Assignment: All entries are to be transcribed verbatim, but images are not carried over.

*** Opening Dataset entries ***

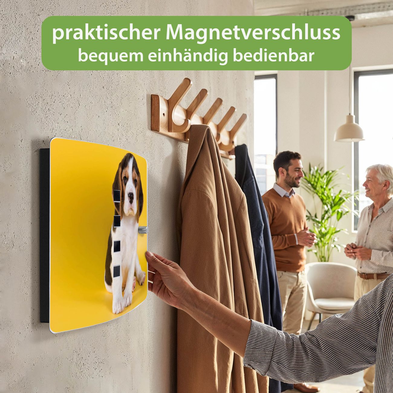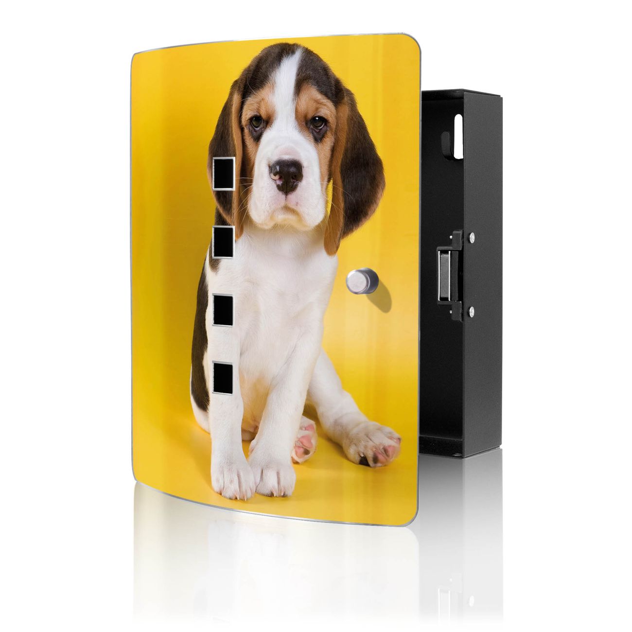 Funktion / Nutzen: Die leicht geschwungene Edelstahltür ist mit einer hochwertigen Motivfolie und dem Motiv Motiv Beagle kaschiert. Ein praktischer Magnetverschluss ermöglicht Ihnen ein schnelles Öffnen und Schließen. Befestigt wird der Schlüsselkasten an 2 Stellen auf der Rückseite, passendes Montagematerial fügen wir bereits bei.
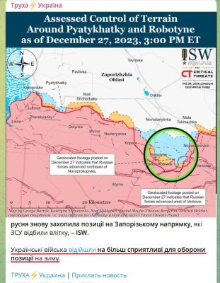 «Украинские войска отошли на более благоприятные для обороны зимой позиции» (написано в сегодняшних украинских новостях).
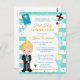 Cute blonde boy blue holy first communion design with blue striped background and gold foil confetti. Graphics by Mujka and KlouiseDigiArt on Etsy.
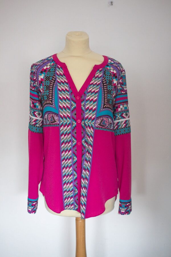 The 2511 Long Sleeved Blouse by Hale Bob is a bright and cheerful style with v neckline and button front. Geometric print contrasts with raspberry base colour. A gorgeous piece to liven up your wardrobes!
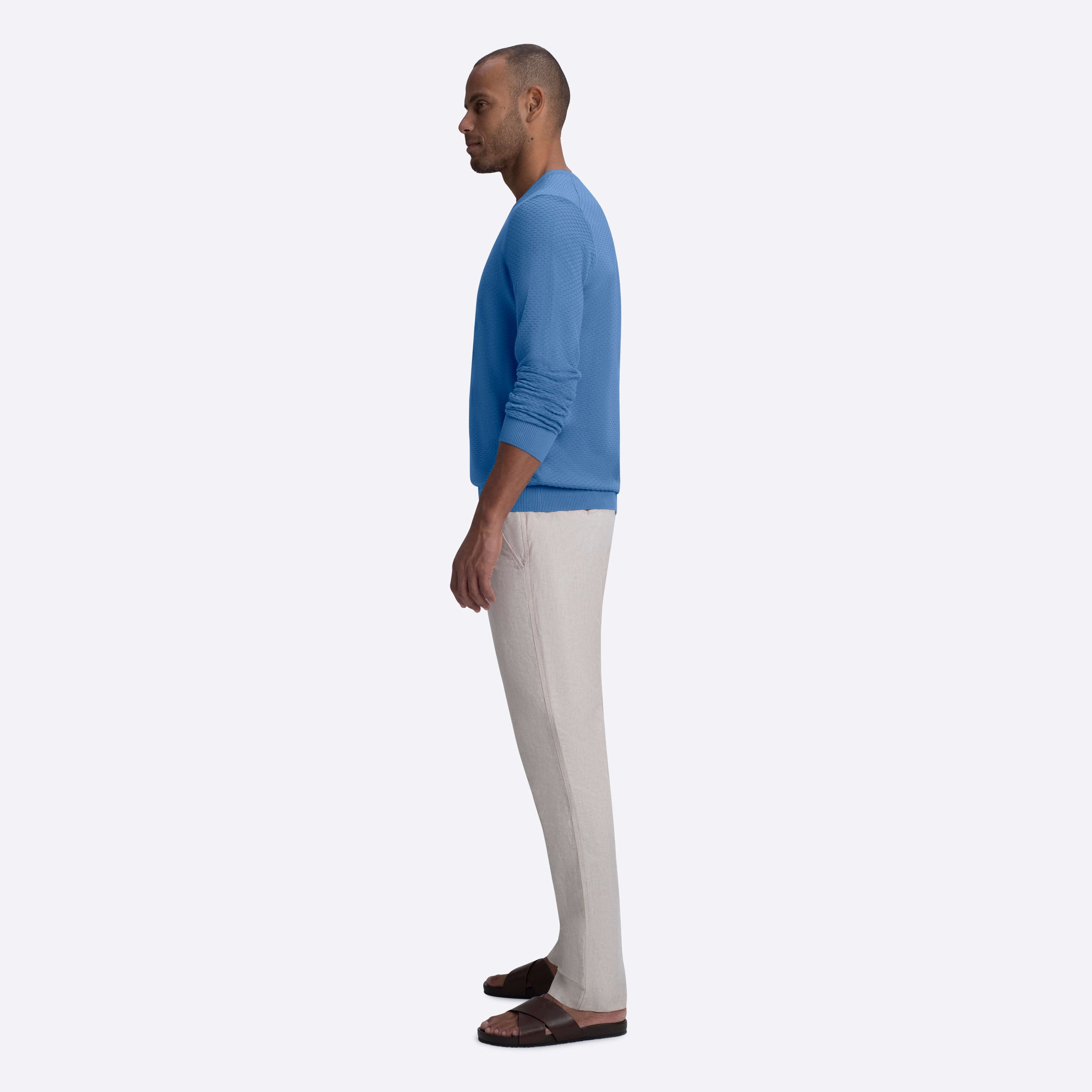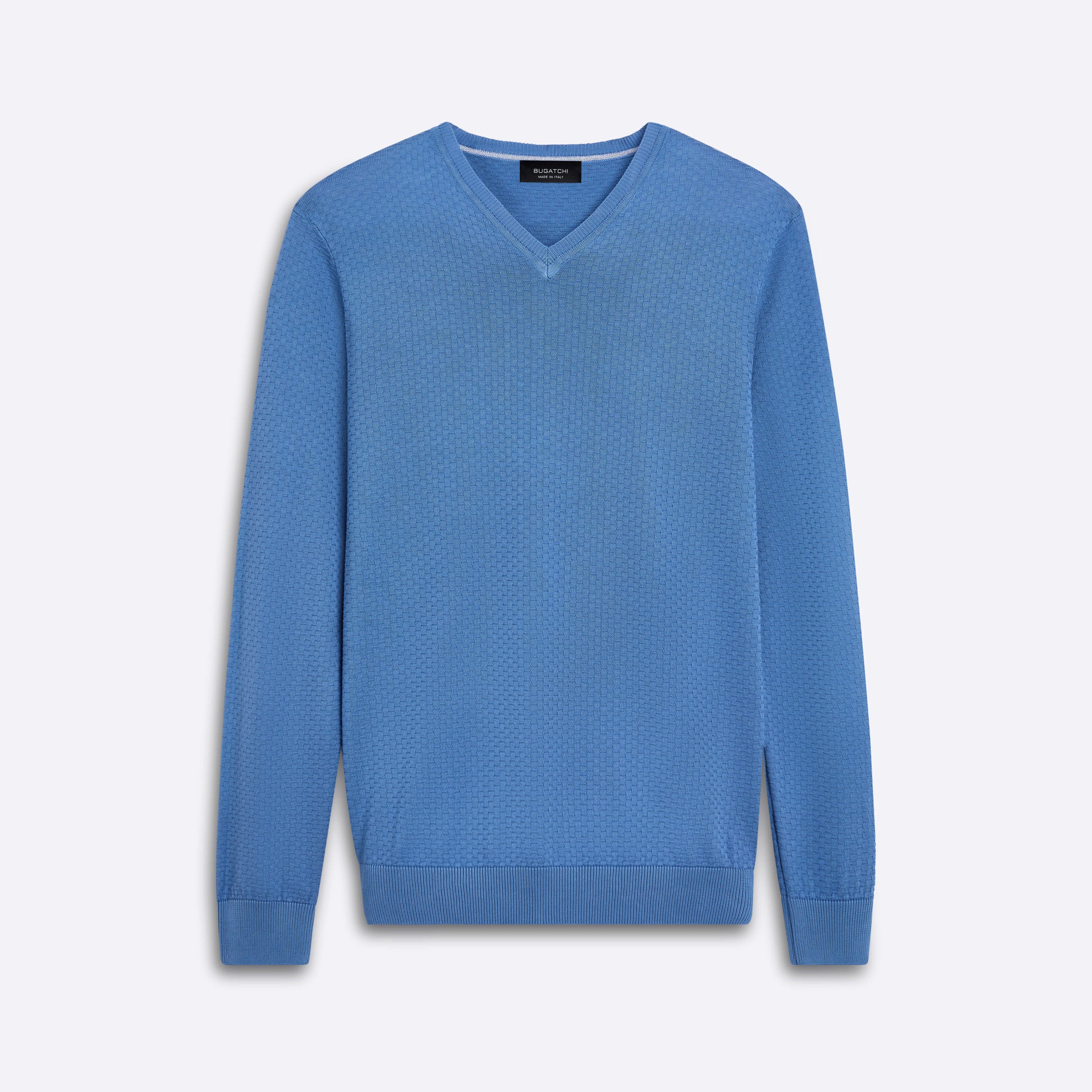 Basketweave knit long sleeve V-neck sweater in 100% cotton with rib knit collar, cuffs and waistband. Made in Italy.

*** Closing Dataset entries ***

Solved exercise:
 Funktion / Nutzen: Die leicht geschwungene Edelstahltür ist mit einer hochwertigen Motivfolie und dem Motiv Motiv Beagle kaschiert. Ein praktischer Magnetverschluss ermöglicht Ihnen ein schnelles Öffnen und Schließen. Befestigt wird der Schlüsselkasten an 2 Stellen auf der Rückseite, passendes Montagematerial fügen wir bereits bei.
 «Украинские войска отошли на более благоприятные для обороны зимой позиции» (написано в сегодняшних украинских новостях).
 Cute blonde boy blue holy first communion design with blue striped background and gold foil confetti. Graphics by Mujka and KlouiseDigiArt on Etsy.
 The 2511 Long Sleeved Blouse by Hale Bob is a bright and cheerful style with v neckline and button front. Geometric print contrasts with raspberry base colour. A gorgeous piece to liven up your wardrobes!
 Basketweave knit long sleeve V-neck sweater in 100% cotton with rib knit collar, cuffs and waistband. Made in Italy.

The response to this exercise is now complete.